Task prompt: Retype exactly what appears below from the line containing "L’evento è organizzato" down to the line containing "Then lastly, Arkwright", keeping both end lines. Do not include pictures.

Record excerpts:
= Beginning of Section =

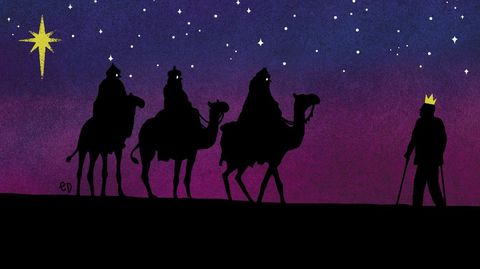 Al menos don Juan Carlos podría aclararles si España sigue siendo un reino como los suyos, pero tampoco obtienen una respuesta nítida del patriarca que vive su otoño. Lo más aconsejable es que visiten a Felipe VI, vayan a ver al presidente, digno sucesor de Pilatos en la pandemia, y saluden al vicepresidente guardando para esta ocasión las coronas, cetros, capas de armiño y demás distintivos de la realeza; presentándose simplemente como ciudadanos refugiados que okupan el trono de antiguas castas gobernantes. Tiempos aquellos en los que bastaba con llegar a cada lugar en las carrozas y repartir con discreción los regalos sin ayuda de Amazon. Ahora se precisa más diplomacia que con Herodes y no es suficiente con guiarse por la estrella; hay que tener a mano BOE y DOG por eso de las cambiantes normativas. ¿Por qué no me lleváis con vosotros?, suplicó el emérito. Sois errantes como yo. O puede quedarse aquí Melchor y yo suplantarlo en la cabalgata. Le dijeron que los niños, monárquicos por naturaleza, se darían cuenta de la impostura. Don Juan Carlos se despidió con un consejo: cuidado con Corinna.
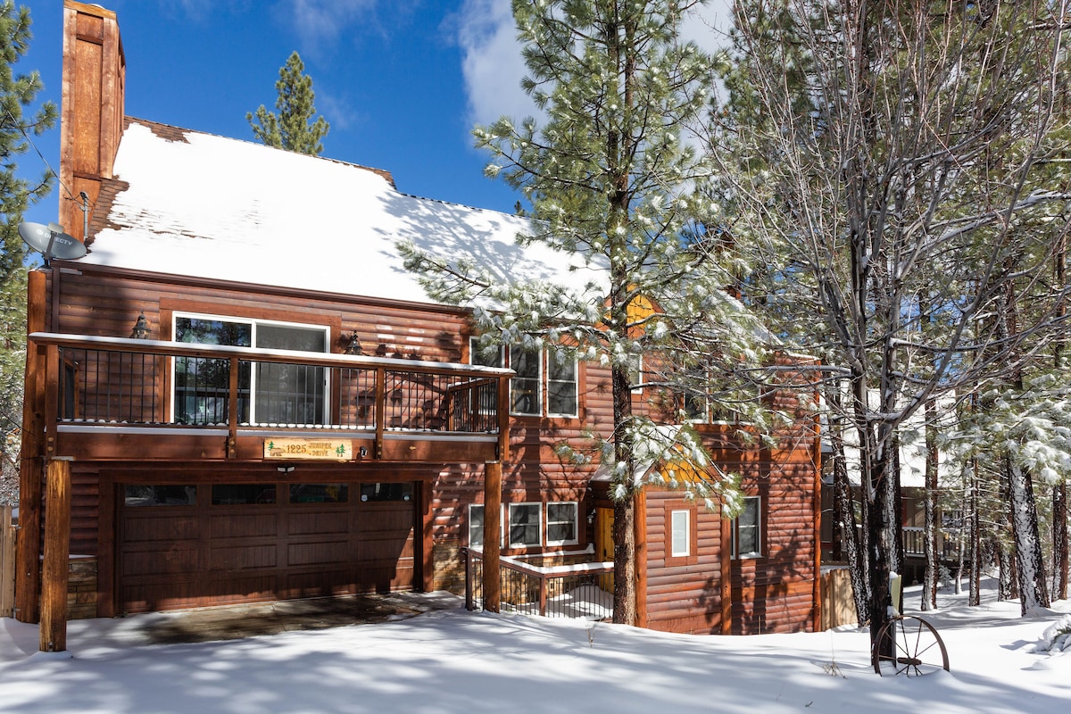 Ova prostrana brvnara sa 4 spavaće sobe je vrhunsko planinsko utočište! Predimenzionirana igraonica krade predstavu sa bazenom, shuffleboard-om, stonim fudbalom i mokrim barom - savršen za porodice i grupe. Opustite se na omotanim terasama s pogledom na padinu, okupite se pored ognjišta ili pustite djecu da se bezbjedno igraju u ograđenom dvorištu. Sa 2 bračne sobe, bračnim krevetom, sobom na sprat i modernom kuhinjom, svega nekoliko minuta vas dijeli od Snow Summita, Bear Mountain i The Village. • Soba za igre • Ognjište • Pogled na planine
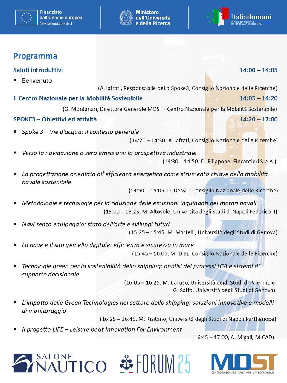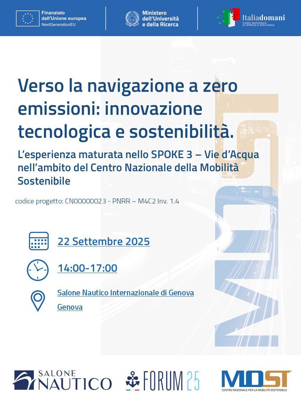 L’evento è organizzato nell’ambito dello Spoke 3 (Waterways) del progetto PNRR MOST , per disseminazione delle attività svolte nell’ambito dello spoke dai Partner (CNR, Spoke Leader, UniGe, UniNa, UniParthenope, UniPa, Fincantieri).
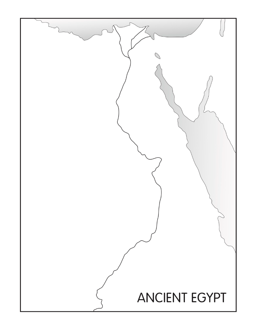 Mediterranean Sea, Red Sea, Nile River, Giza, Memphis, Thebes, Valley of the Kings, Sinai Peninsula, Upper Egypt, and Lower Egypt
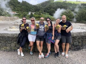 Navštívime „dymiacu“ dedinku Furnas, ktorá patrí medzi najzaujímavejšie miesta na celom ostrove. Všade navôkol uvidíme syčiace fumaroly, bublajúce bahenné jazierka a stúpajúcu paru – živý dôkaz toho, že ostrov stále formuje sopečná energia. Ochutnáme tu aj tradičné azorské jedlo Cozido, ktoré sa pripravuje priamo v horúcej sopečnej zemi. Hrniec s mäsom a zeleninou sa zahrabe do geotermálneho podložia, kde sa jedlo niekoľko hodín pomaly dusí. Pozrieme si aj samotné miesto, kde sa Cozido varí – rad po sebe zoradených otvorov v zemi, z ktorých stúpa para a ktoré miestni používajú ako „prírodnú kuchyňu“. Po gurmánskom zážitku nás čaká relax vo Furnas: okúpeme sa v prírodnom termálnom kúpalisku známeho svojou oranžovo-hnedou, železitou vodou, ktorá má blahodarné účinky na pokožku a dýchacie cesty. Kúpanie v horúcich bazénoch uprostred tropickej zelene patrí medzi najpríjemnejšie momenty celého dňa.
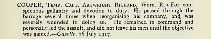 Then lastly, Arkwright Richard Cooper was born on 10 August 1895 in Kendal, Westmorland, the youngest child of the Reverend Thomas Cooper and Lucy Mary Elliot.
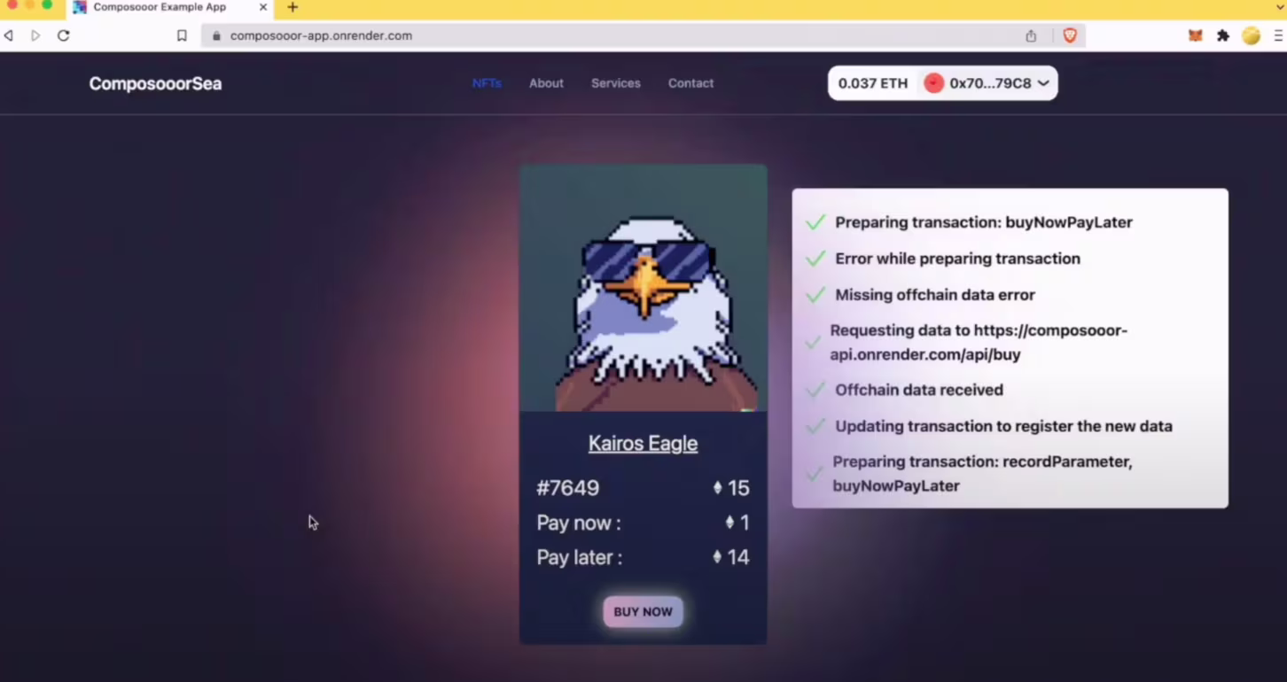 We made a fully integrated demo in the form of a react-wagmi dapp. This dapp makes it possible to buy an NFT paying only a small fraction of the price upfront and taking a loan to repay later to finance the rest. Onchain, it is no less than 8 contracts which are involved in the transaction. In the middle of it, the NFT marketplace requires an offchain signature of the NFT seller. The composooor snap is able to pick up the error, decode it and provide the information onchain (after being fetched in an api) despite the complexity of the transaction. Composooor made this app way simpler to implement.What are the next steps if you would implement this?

= End of Section =

Task result:
 L’evento è organizzato nell’ambito dello Spoke 3 (Waterways) del progetto PNRR MOST , per disseminazione delle attività svolte nell’ambito dello spoke dai Partner (CNR, Spoke Leader, UniGe, UniNa, UniParthenope, UniPa, Fincantieri).
 Mediterranean Sea, Red Sea, Nile River, Giza, Memphis, Thebes, Valley of the Kings, Sinai Peninsula, Upper Egypt, and Lower Egypt
 Navštívime „dymiacu“ dedinku Furnas, ktorá patrí medzi najzaujímavejšie miesta na celom ostrove. Všade navôkol uvidíme syčiace fumaroly, bublajúce bahenné jazierka a stúpajúcu paru – živý dôkaz toho, že ostrov stále formuje sopečná energia. Ochutnáme tu aj tradičné azorské jedlo Cozido, ktoré sa pripravuje priamo v horúcej sopečnej zemi. Hrniec s mäsom a zeleninou sa zahrabe do geotermálneho podložia, kde sa jedlo niekoľko hodín pomaly dusí. Pozrieme si aj samotné miesto, kde sa Cozido varí – rad po sebe zoradených otvorov v zemi, z ktorých stúpa para a ktoré miestni používajú ako „prírodnú kuchyňu“. Po gurmánskom zážitku nás čaká relax vo Furnas: okúpeme sa v prírodnom termálnom kúpalisku známeho svojou oranžovo-hnedou, železitou vodou, ktorá má blahodarné účinky na pokožku a dýchacie cesty. Kúpanie v horúcich bazénoch uprostred tropickej zelene patrí medzi najpríjemnejšie momenty celého dňa.
 Then lastly, Arkwright Richard Cooper was born on 10 August 1895 in Kendal, Westmorland, the youngest child of the Reverend Thomas Cooper and Lucy Mary Elliot.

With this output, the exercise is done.